Distribution of people by age in the BigSample database

The results of the research are shown in Tables 4 and 5.

Table 4 The results of the research on accuracy of gender classification
Table 5 The results of the research on accuracy of race classification
Table 6 The results of the analysis of accuracy of age classification

An analysis of the obtained results permits drawing the following conclusions:

  • the accuracy of gender classification using a conventional SVM based on LBP on the BigSample image database virtually coincides with the published results [5, 22] obtained from actual images from the Internet (the difference in accuracy is lower than 1%); a slightly more accurate gender classification on the FERET and MORTH databases is due to the fact that these databases, unlike BigSample, contain specially prepared images;

  • the transition to boosted LBP features does not decrease the accuracy of gender and race classification either in the case of specially prepared databases of face images (FERET, MORPH, Mall), or in the case of real face images from the Internet (BigSample);

  • the application of a bootstrapping procedure leads to an increase in accuracy of gender and race classification both for databases of specially prepared face images and for databases of real face images from the Internet by \(\sim \)12% in comparison to the basic method.

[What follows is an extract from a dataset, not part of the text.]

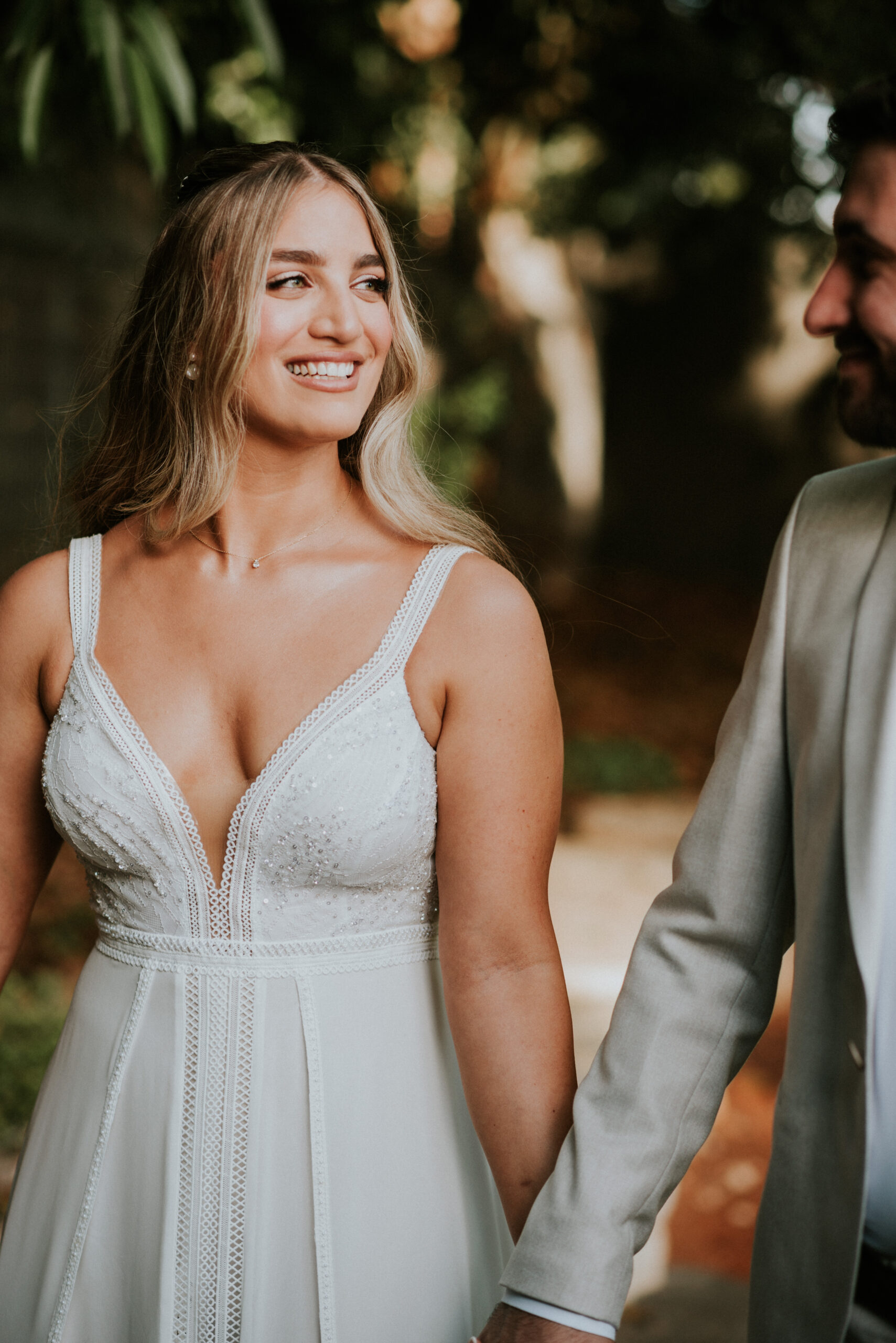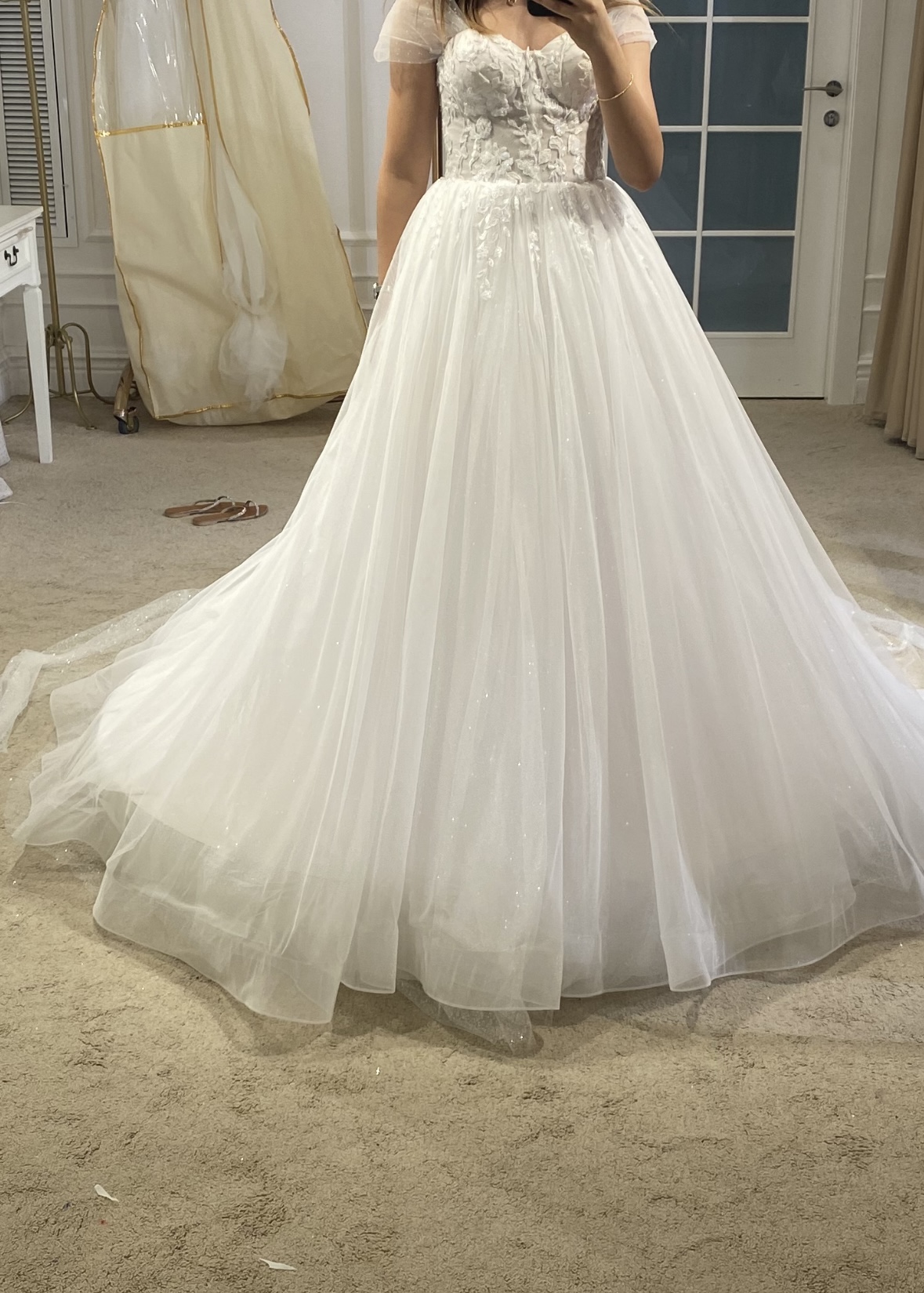 שמלה שקניתי מהמעצבת ענבר פריימן, שמלה מטול / שיפון משי, וחרוזים. לשמלה שסע קדמי, ומחטב פנימי בסגירת טיקטק. השמלה עברה ניקוי יבש.

  • the simultaneous application of boosted LBP features, a bootstrapping procedure and sequential classification of race after the classification of gender lead to an increase in the accuracy of race classification by \(\sim \)15% in comparison to the basic method.

The analysis of accuracy of age classification employed the most commonly used Mean Absolute Error (MAE) metric, which calculates the average absolute deviation of the age values predicted by the decision function for the objects included in the test set from the true values of age [13, 24, 26]. The results of the analysis of accuracy of age classification are shown in Table 6.

On the basis of results of the analysis, the following conclusions can be made:

  • the implementation of the proposed modification of the two-stage regression scheme for age classification in combination with the use of boosted image description features leads to an increase in accuracy of estimation of this attribute in real face images by about 2 years using the MAE metric, based on Internet face image analysis.

  • the higher accuracy of age estimation in face images from FG-NET and MORPH databases is explained by the use of specially prepared face images in these databases

  • a slight decrease in the accuracy of age estimation with the use of the proposed method is explained by the fact that sometimes the classifier commits errors in determining the gender or race; this leads to the use of wrong decision function trained on a “foreign” gender-race group at the age estimation stage.

To obtain statistically significant results a k-fold \((k=5)\) cross-validation procedure was applied.

Conclusion

This article proposes an algorithm to estimate human age from face images within a preliminarily selected gender-race group based on local binary patterns used as feature description of an image. To identify the most significant (boosted) features, it is proposed to apply the Adaboost method that resulted in an approximately tenfold decrease in the dimensionality of the feature space. For gender and race classification, the standard approach based on support vector machines is modified by adding a bootstrapping procedure (learning on “hard” examples), while to ensure more precise age estimation it is proposed to combine the idea of cumulative features with two-stage support vector regression with a bootstrapping procedure.

The conducted research has demonstrated that each of the proposed modifications contributes to increased age estimation precision according to the MAE metric. As a result, a 2-year reduction in the average error in age estimation from real face images published on the Internet was achieved as compared to the source algorithm. The obtained results allow recommending this algorithm to solve the task of gender, race and age classification of human face images for use in computer vision systems.